■ WHAT YOU HAVE TO DO
Only those lines from the one with "The Philharmonia in" through the last line of the material below should be output, each exactly as it appears.

■ RAW DATA
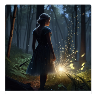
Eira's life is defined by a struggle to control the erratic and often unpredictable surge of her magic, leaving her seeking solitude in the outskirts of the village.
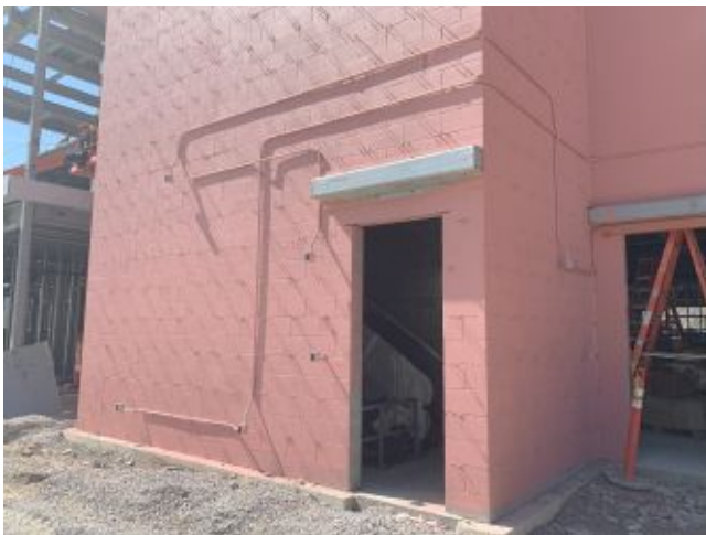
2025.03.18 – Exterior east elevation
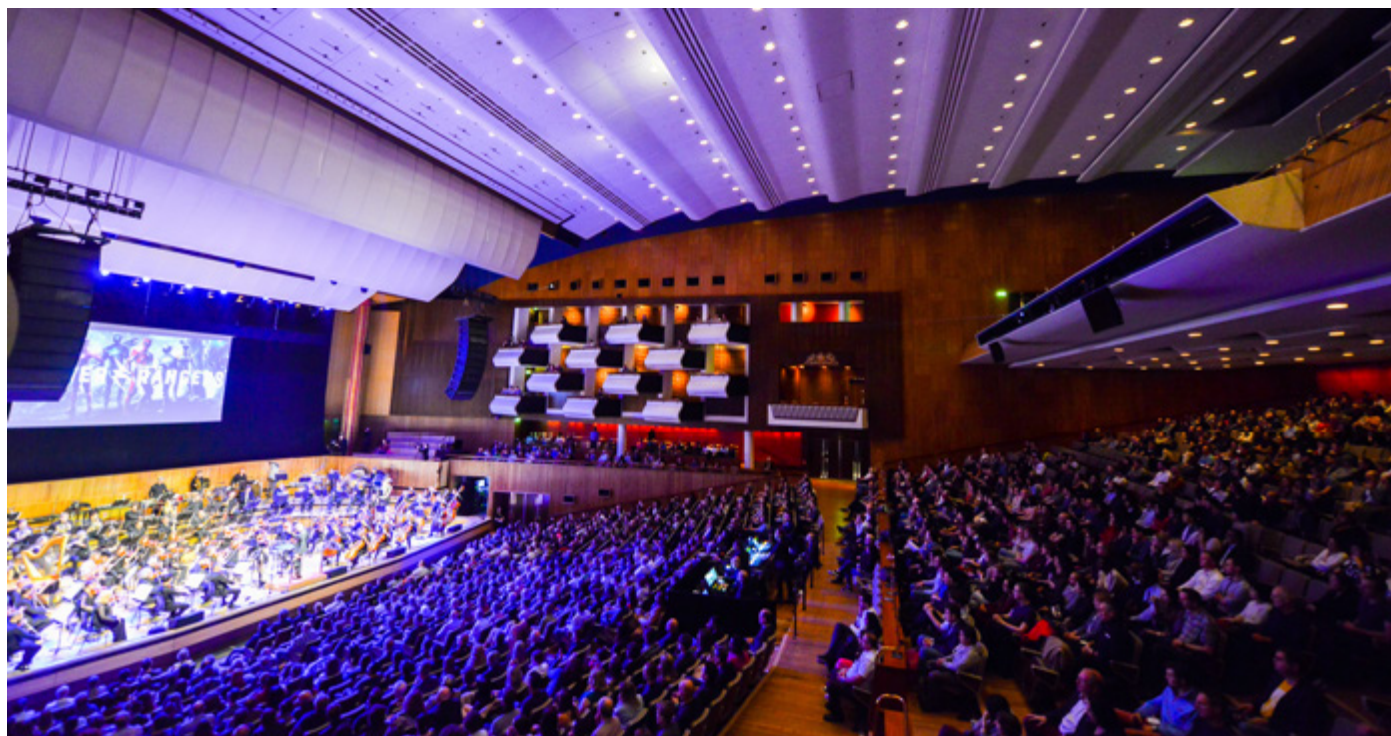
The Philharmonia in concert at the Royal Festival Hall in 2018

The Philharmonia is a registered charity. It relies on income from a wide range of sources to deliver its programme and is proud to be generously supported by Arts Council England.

■ EXERCISE RESPONSE
The Philharmonia in concert at the Royal Festival Hall in 2018

The Philharmonia is a registered charity. It relies on income from a wide range of sources to deliver its programme and is proud to be generously supported by Arts Council England.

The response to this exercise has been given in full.